Long time lurker here; was into this hobby a few years back, but I've stopped and decided to start a few days ago.



I just bought an aquarium setup which included a used Rena XP1 canister filter.

Right from the start I realized there was a circle ring that was hollow. I need to get a rubber seal (o-ring) for it.

The second part was that the impeller part looked like it was missing something... The end parts of the shaft weren't there. It was just the impeller and shaft, but not the black knob part.


I tested it out anyways, and for the most part, it's worked. Priming works, but it doesn't fill up all the way; there's a 2" gap in the canister. I got this to fill up by slightly taking out one clamp and shutting it back down before too much water came out. The next day I noticed the water level in the canister dropped back down 2" again. I used the same method again and it's still full so far (maybe it's a fluke).
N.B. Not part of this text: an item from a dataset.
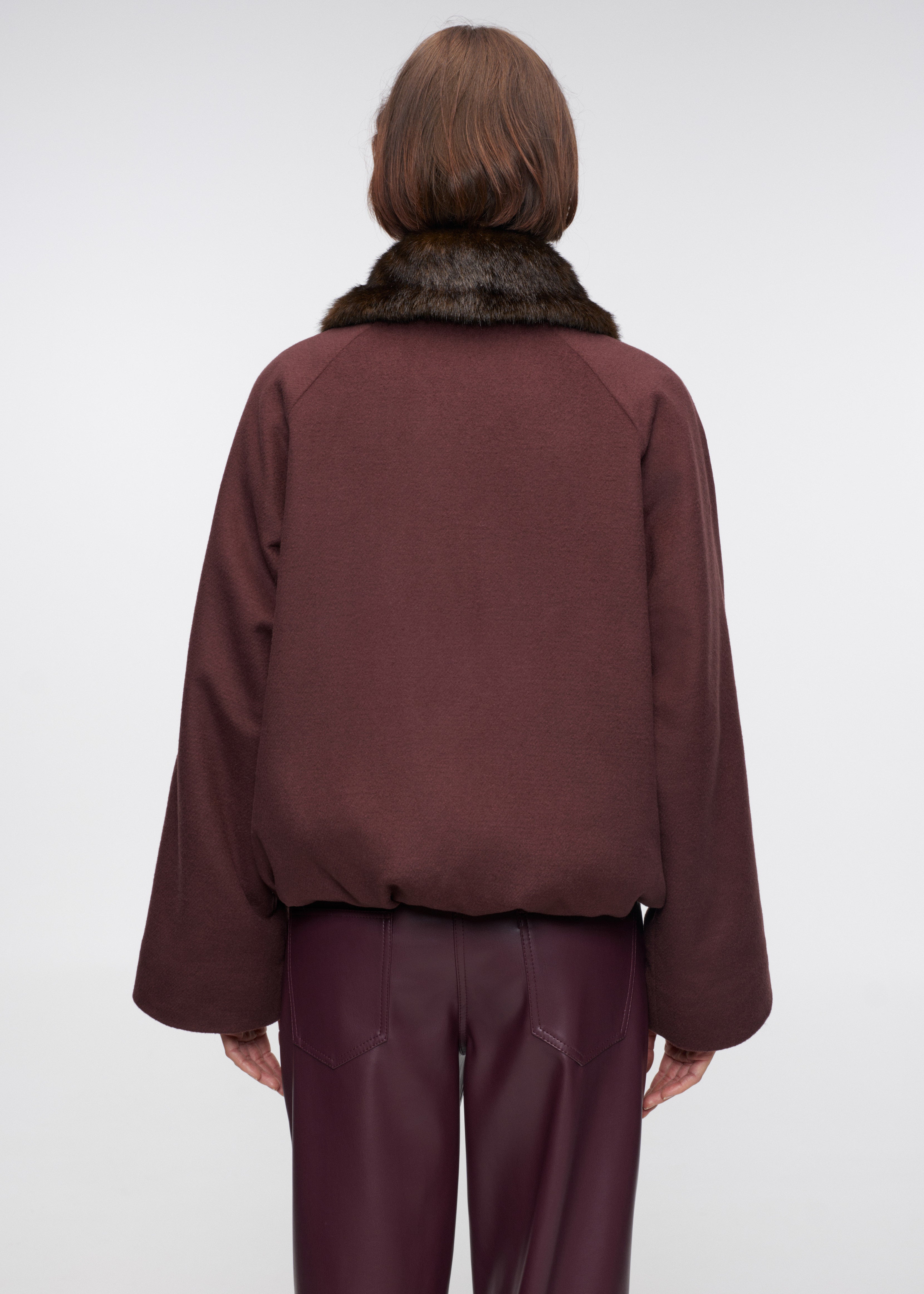 Тепла куртка-пальто оверсайз з хутряним коміром. Утеплена підкладка з віскози захищає від холоду. Знімний комір зі штучного хутра на гудзиках та застібка на блискавку забезпечують функціональність та комфорт. Куртка розрахована на температуру до -5°C.

So for the most part, it works, but would changing the impeller and the gaskets/o-ring fix this these issues? Is this the cause for the canister not filling up/priming perfectly? I'm considering taking a loss and just buy an AC300, instead of replacing these parts.


Thanks in advance for any input!


----------



## Diztrbd1 (Apr 21, 2010)

Replacing the parts may help, King Eds carries most of them I believe. In my experience there will always be a small gap of air in the top. I can never get rid of it in mine. I tilt it from one side to the other several times while it's running and it helps remove most of it. But usually always an air pocket in the top. Runs fine and quiet regardless of that however.


----------



## secretaccount (May 30, 2010)

Thanks for the input!

The cost of the replacement impeller costs $32.95 and the gasket kit costs $10.95 at J&L Aquatics. Although I _think_ I can buy the gasket parts at Home Depot for a lot cheaper.

Buying an AC70/300 new is $47.95 there, too. I'm just worried even after replacing the parts, these issues still wouldn't be fixed. Right now I'm still running it just to test it and it's working good for the most part. It's not as quiet as I thought it would be, but I do have a few kinks in there.

Also, would the small gap cause the motor to overheat? I assumed the water at the top would lubricate/cool it.

Sorry about asking more! I really appreciate it.


----------



## gklaw (May 31, 2010)

If you are talking about the little O-ring around assembly that snap onto the top. The Any O-ring about the same thickness will work. 
You can also take it to a automotive parts store. They now have a rack of O-rings of various sizes now. Match it to the other one that is left. May be $0.50.
If the one missing is on the intake side, it may suck air into the the canister.
The little nub is tricky to get without buying the whole shaft if they even sell just the shaft.

Ask if someone here has an old one kicking around. Otherwise, you have to rig something up from a small piece of rubber. May be the eraser from a mechanical pencil?

Since it is an XP1 that my worth only $40-$50. I would just buy a used one. Someone is selling an XP3 for like $60. Grab that one and keep the XP1 for spare parts.


----------



## secretaccount (May 30, 2010)

Thanks for the help gklaw. I think I'll be using another filter and ditching this one. The cost to fix it doesn't seem worth it at all.


----------



## gklaw (May 31, 2010)

Don't ditch it  Post it FF and someone will grab that faster than you could blink =)


----------



## blurry (May 10, 2010)

Id even take the filter if you dont want it


----------



## secretaccount (May 30, 2010)

Hahaha I'll see how it goes. I've got an offer from a friend (surprised I even got one) who's still on the fence about it.

It's still running right now and it seems to be fine. A few parts are missing like the valve control and an O-ring around the impeller cap, but it seems to be working fine. The canister is still full and the water hasn't dropped down an inch or two.


----------